Here we we have a relation likes/2 over which we want to run statistics.
One could use predicates from library(aggregate) or similar, but let's not
Suggestion is to chain three operations:
Create a nicer structure to run stats
Run stats over nicer structure
Find the best
Create nicer structure to run stats
Collect
the vector (in the form or a Prolog list) of persons that occur as second argument in predicate likes/2 (so that we have something to count), and
the set of persons (also in the form of a Prolog list) so that we can iterate over something.
The key are the collection predicates findall/3 and setof/3
findall/3 is used to collect all the Person that appear on second argument position of likes/2,
setof/3 is used to collect the set of all Person that appear on first or second argument position of likes/2.
To make that work, setof/3 needs to be told that the argument on the other position is unimportant by
"existentially quantifying" it with X^.
person_occurrences(PersonVec) :-
findall(Person,likes(_,Person),PersonVec).
person_set(PersonSet) :-
setof(Person,X^(likes(Person,X);likes(X,Person)),PersonSet).
Alternativey for person_set/2, more comprehensible:
person(Person) :- likes(Person,_).
person(Person) :- likes(X,Person).
person_set(PersonSet) :- setof(Person,person(Person),PersonSet).
Trying this on the "Prolog Toplevel" shows we are on the right track:
?- person_occurrences(PersonSet).
PersonSet = [mary, adam, mary, destiny, adam, adam].
?- person_set(PersonSet).
PersonSet = [adam, brianna, destiny, jack, john, mary].
We can easily count how often a person occurs in the vector of persons,
by using findall/3 to create an arbitrary list of x (for example),
one x for each occurrence, then determining the length of that list:
count(Person,PersonVec,Count) :-
findall(x,member(Person,PersonVec),Xs),length(Xs,Count).
Trying this on the "Prolog Toplevel" shows we are on the right track:
?- person_occurrences(PersonVec),count(mary,PersonVec,Count).
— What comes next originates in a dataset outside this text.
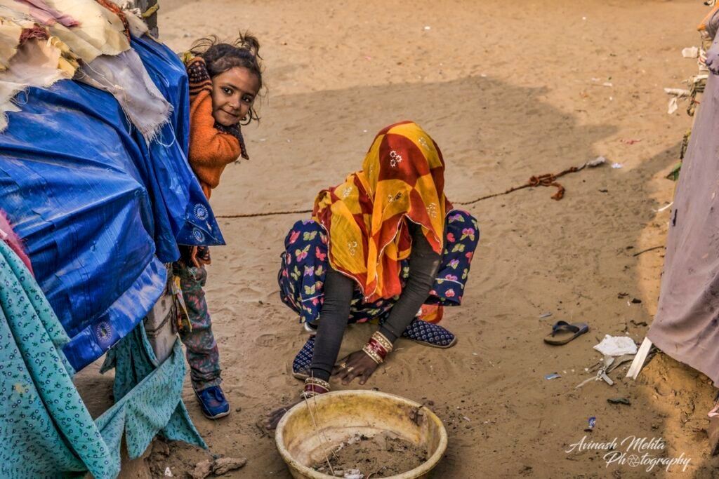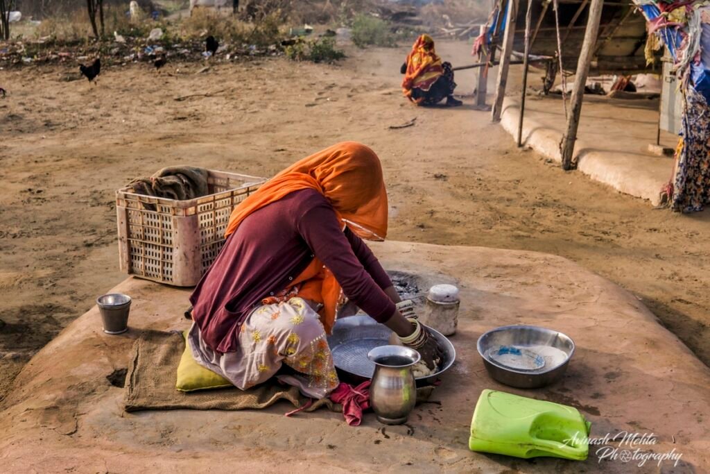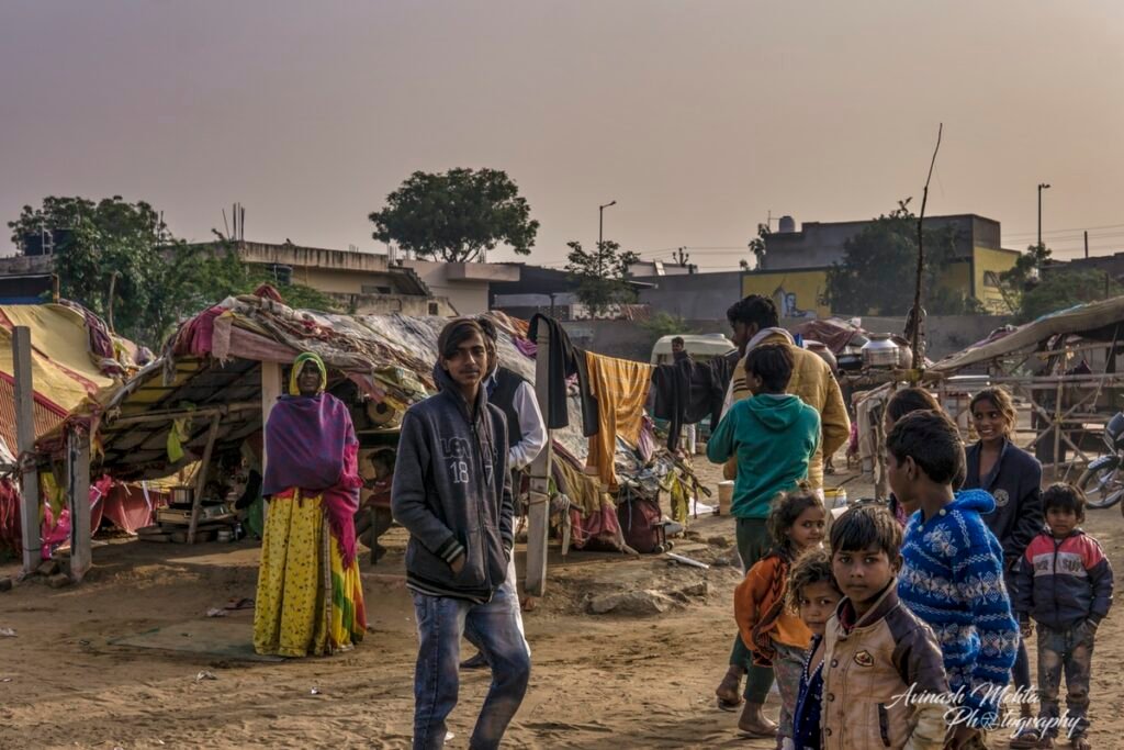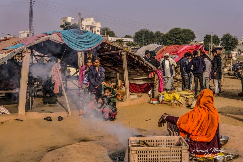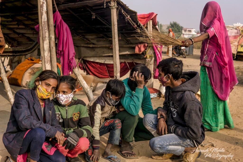 My Photowalk this winter’s morning was an encounter with the extended family of nomads or gipsies, an ancient and distinct community of Rajasthan. Every member of the family was busy fulfilling their assigned duties. Women were preparing meals and tidying up the domestic space. Menfolk and older children were filling up water needed by such a large group of people. The head of the family, the patriarch, was supervising the activities ensuring discipline and decorum within the family. The little ones of course were enjoying their childhood to the full. they were happily prancing around along with sundry domestic goats, dogs, and a couple of horses. Rajasthan nomads are well known for their music and the musicians of the family were practising their art filling the air with their happy melodies. A perfect tableau of the enduring family tradition of our culture. This robust lifestyle has provided them with good immunity and kept them safe from the raging Covid pandemic.

PersonVec = [mary, adam, mary, destiny, adam, adam],
Count = 2.
We now have the "nicer structure" that we can use to do stats, namely the
"vector of persons" and the "set of persons".
Run stats over nicer structure
The result here, called Stats shall be a list (it's always lists) of
pairs -(NumberOfOccurrencesOfPersonInPersonVector,Person),
which can be more easily written "infix": Count-Person, for example 2-mary.
This is a recursive definition (or an inductive definition) whereby we "count"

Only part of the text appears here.